Le pape François ne cesse de nous surprendre et.. de nous interroger, et je m’en réjouis. Mais le propos récent est triste puisqu’il évoque une « troisième guerre mondiale » sous une forme inédite, « par morceaux ». Triste ? Oui, horrible même, mais aussi réaliste et prophétique. Mes amis libanais le disent depuis longtemps au sujet de leur pays, et ils n’ont certainement pas tort : les guerres qui ont lieu chez nous sont « des guerres par procuration », elles sont le fruit d’affrontements anciens et importés entre certaines puissances. Cette vérité libanaise devient hélas ! vérité universelle : en Libye, en Syrie, au Yémen, en Irak, en Ukraine et ailleurs (ce sont les « morceaux » dont parle le pape), les populations locales sont victimes de conflits qui les dépassent, et qu’elles sont bien impuissantes à maîtriser. Pire, le « jeu » des puissances occultes consiste à tout faire pour les y engager, et ceux qui résistent ne voient plus de salut ailleurs que dans la fuite : on n’a pas fini de compter les déplacés ou les exilés !
Mais on aurait tort de ne considérer que ces guerres qui se disent sous forme de bombardements ou d’attentats, et que l’on couvre souvent d’un manteau religieux : il est d’autres guerres qui se vivent là, d’ordre économique, et elles se vivent aussi par morceaux. S’il existe une tectonique des plaques terrestres, dont l’équilibre est toujours instable et provisoire, il existe aussi une tectonique du développement, avec des zones économiques qui s’entrechoquent et se déplacent, en provoquant maints tremblements de terre : si l’on s’exile (le plus souvent contre son gré, ne l’oublions pas) pour fuir la persécution ou la guerre, laquelle est souvent en lien avec la crise économique, on le fait aussi pour trouver des conditions de vie décentes que l’on n’avait pas ou plus dans son pays d’origine.

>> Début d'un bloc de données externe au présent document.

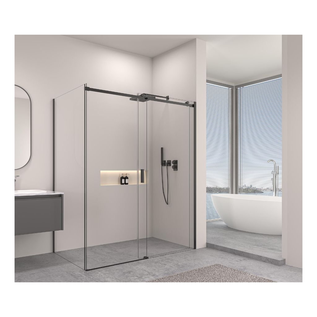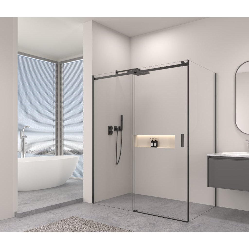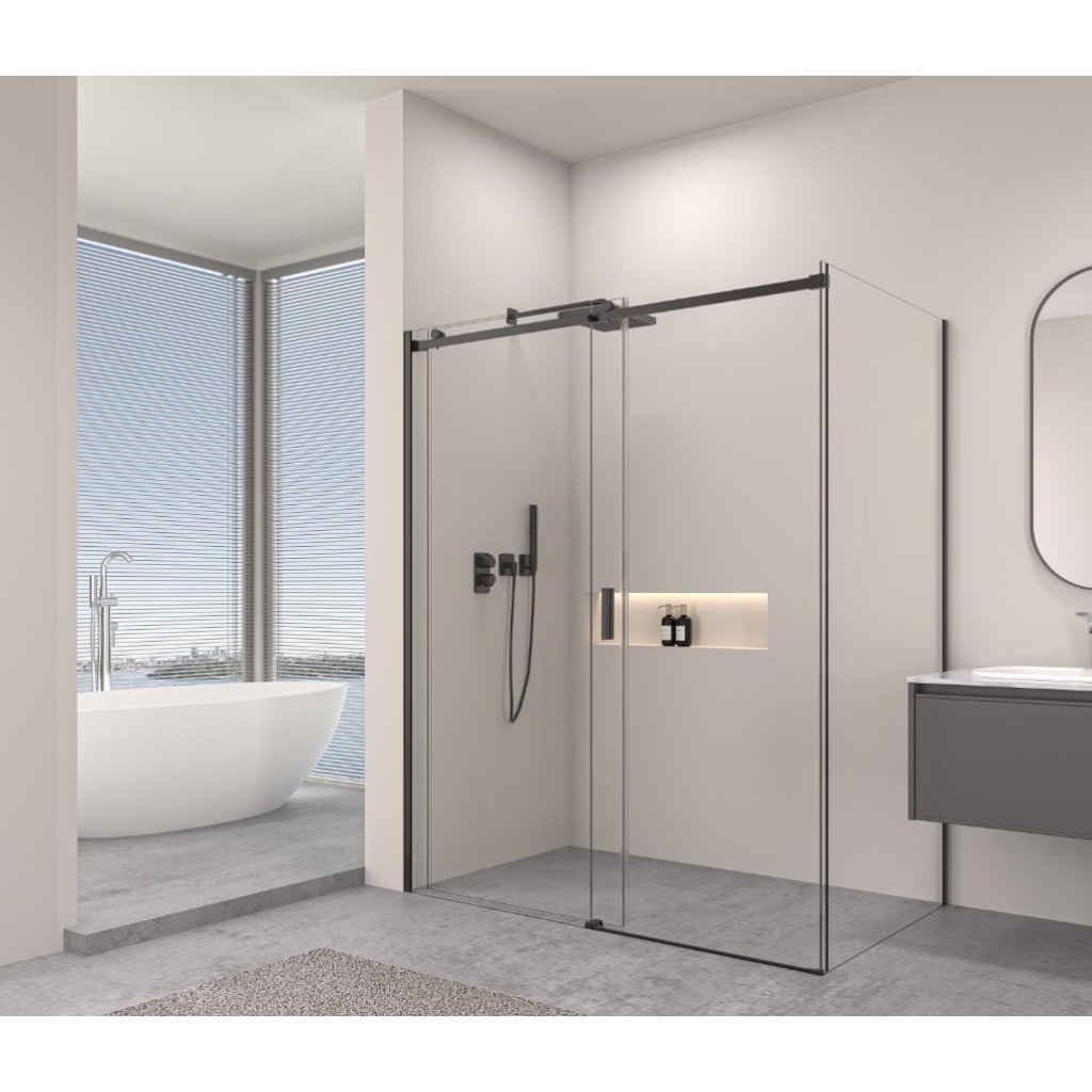 Erga Lynn, sprchový kút s posuvnými dverami 150(dvere) x 100(stena) x 195 cm, 8mm číre sklo, čierny profil, ERG-V02-LYNN-D150G100-CL-BK

Si donc l’on veut trouver ou restaurer la paix, il serait illusoire de penser y parvenir sans garanties économiques, et sans doute, pour les pays les plus riches, sans une redistribution douloureuse de ces richesses : leur inégale répartition, l’accentuation des écarts au sein même de ces pays, finiront toujours par engendrer des violences, des déplacements de population, des « guerres par morceaux ».